The destruction of working-class housing in Paris was seen as
contributing to the 1848 revolution and, in the same year, Lord
Shaftesbury is quoted as saying, after a meeting of the housing
association he co-founded, that "this is the way to stifle Chartism".
Examples are given of the
role of 19th century philanthropists and housing associations which
tended to blame the poor for their conditions, and to address the
problems of the ‘deserving poor’ by making them adhere to draconian
rules. Octavia Hill used teams of ladies to enforce what she herself
described as a "tremendous despotism". The book draws out parallels
between Victorian ideas and aspects of contemporary neo-liberal social
policy.
Glynn gives a good summary of
the Glasgow rent strikes during the first world war. Along with rent
strikes elsewhere in the country, industrial and political struggles and
the impact of the Russian revolution, these events led to the
establishment of rent controls and, ultimately, the introduction of
state-subsidised mass council housing in Britain. As she explains: "The
power of tenant protests lay not just in their immediate impact but also
in the fact that they were supported by an increasingly powerful labour
movement, and it was hoped that by meeting some working-class demands
within the existing system, support for a more revolutionary approach
would be weakened. Such arguments were hugely strengthened by the
Bolshevik revolution in 1917 and by the unrest that followed the war".
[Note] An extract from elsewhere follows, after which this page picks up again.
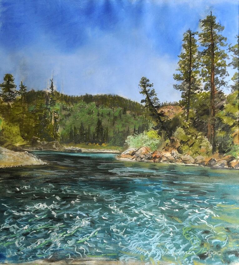 Port Orford is the most recent addition to my Pacific Northwest gallery. I completed this pastel while experiencing forty-mile an hour winds. That day, I walked out onto an island near Port Orford, Oregon, to get to this vantage point. It was a little dicey because I had to navigate a very thin ridge to get into position. However, once out there, I found a cove that protected me from the wind.

She outlines the key role of
socialist parties in preparing the ground over years of campaigning,
taking up immediate practical housing problems and linking them to the
need for wider social change. She brings out the importance of the mass
movement involving organised workers and the women’s movement in the
tenements. At one stage, tanks were deployed in Glasgow’s George Square
and Glynn quotes the prime minister, Lloyd George, asking of the 1919
Housing Act, "Even if it cost a hundred million pounds, what was that
compared to the stability of the state?" The parliamentary secretary to
the Local Government Board similarly told the House of Commons: "The
money we are going to spend on housing is an insurance against
Bolshevism and revolution".
The Socialist Party today
adopts an approach of fighting for what Leon Trotsky called
‘transitional demands’: building campaigns connecting immediate issues
with the need to transform society. It is sometimes suggested that this
amounts to campaigning for ‘impossible demands’. But the comments of
Lloyd George and co illustrate that, when the capitalists think their
system is threatened, they will do anything to save their skins,
including implementing policies that go beyond the apparent limits of
capitalism.
The 1919 Housing Act
introduced state-subsidised working-class housing, and the first Labour
government in 1924 instigated a mass programme of council house
building. The minister responsible, John Wheatley, had played an active
role in the rent strikes. Estates such as the Becontree estate in
Barking and Dagenham, where the far-right British National Party has
recently made headway, were conceived in this period to provide
good-quality housing and public spaces to a mixed community, including
line workers at Ford and better-off layers.
Campaigning is political!
IT IS WORTH contrasting this
experience of struggle with the approach of the Defend Council Housing (DCH)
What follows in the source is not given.